Quelques heures après le verdict rendu dans le procès intenté contre l’ancien président de la République, Joseph Kabila Kabange, le parti Front pour la Souveraineté Populaire (FSP) monte au créneau et fustige une « parodie de justice » dictée par des calculs politiques.
Dans une déclaration signée par son président John Omomba, le FSP affirme que le procès en cours n’a rien d’un acte judiciaire mais tout d’une « vaste opération de règlement de comptes téléguidée depuis les hautes sphères du pouvoir actuel ». Pour le parti, les accusations portées contre l’ancien chef de l’État « intelligence avec une puissance étrangère », « haute trahison » et « complicité avec le M23 » ne reposent sur aucune preuve tangible.
« Aucune preuve irréfutable n’a été produite, aucun témoin décisif n’a été entendu », insiste le communiqué, dénonçant un procès « bâti sur le sable mouvant des calculs politiques ». Selon le FSP, les réquisitions successives allant de la peine de mort à la perpétuité relèvent moins d’une recherche de vérité que d’une logique « d’extermination politique ».
Pour John Omomba, cette instrumentalisation de la justice militaire constitue une menace directe contre la démocratie congolaise.
« Au-delà du cas Kabila, c’est l’État de droit qui se retrouve humilié.

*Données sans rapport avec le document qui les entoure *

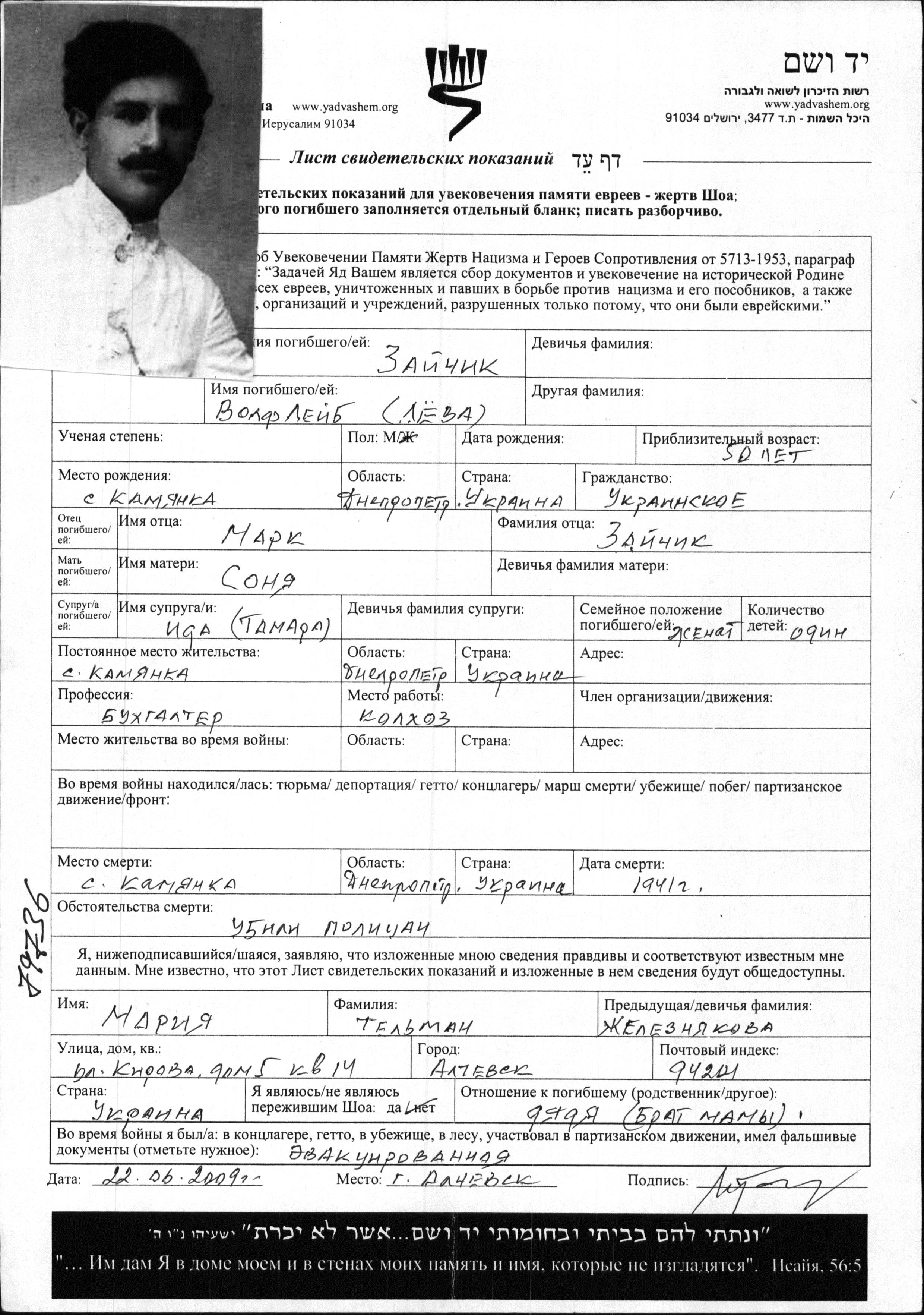 Zaychik | Volf Leyb Lyova | Kamenka, Ukraine (URSS) | Feuille de témoignage | |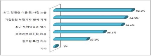 경영과 관련한 데이터를 왜곡하거나 광고형 특집기사를 싣는 방식도 58.8%, 39.2%로 나타났다.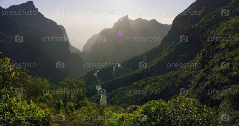 Красивый закат в долине Маска и ущелье, Тенерифе, Канарские острова, Испания. Солнечный свет пробивается сквозь горные хребты. Восхитительный вид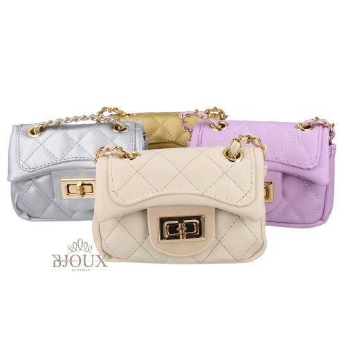 Borsetta da donna in ecopelle effetto trapunta con chiusura in ottone gold girevole. Con tracollina. Misure 13x9x4
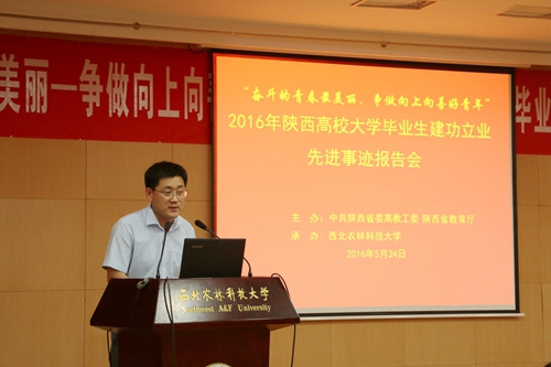 为充分展示我省高校大学毕业生扎根基层、创新创业、报效祖国、服务人民的先进典型,进一步引导我校青年学生学习先进、崇尚先进,毕业后到基层一线和艰苦地区磨练自己,5月24日,由中共陕西省委高教工委、陕西省教育厅主办,我校承办的“奋斗的青春最美丽”――争做向上向善好青年先进事迹分享报告会在北绣山活动中心北报告厅举行。出席此次活动的领导和嘉宾有团委副书记李春祖,团委社会实践部部长刘业兴,先进事迹报告团成员张龙、陈才泽、田小雄、李伟、陈汝刚,近百名学生聆听了这场报告会。

Une justice transformée en bras armé du régime ne sert ni la paix, ni la réconciliation, ni la souveraineté nationale », poursuit le communiqué.
Le parti met en garde contre les conséquences explosives d’un tel verdict. Selon lui, l’acharnement judiciaire contre Joseph Kabila risque de creuser davantage les fractures, de radicaliser les antagonismes et de fragiliser une République déjà minée par l’insécurité et la misère sociale.
« Joseph Kabila incarne une part importante de l’histoire récente de la RDC. L’écraser au nom d’une vendetta politique, c’est jeter de l’huile sur le feu d’un pays déjà divisé », souligne le texte, avant d’ajouter que « notre démocratie est en danger.
Face à ce qu’il qualifie de « faillite morale et politique », le FSP appelle le pouvoir en place à préserver les acquis de la paix et de la cohésion nationale dans le strict respect de la justice et de l’histoire politique congolaise.
Le parti conclut par une mise en garde lourde de sens : « Ce procès marquera non pas une victoire de la justice, mais une tragédie politique dont l’histoire, tôt ou tard, rendra son propre verdict.»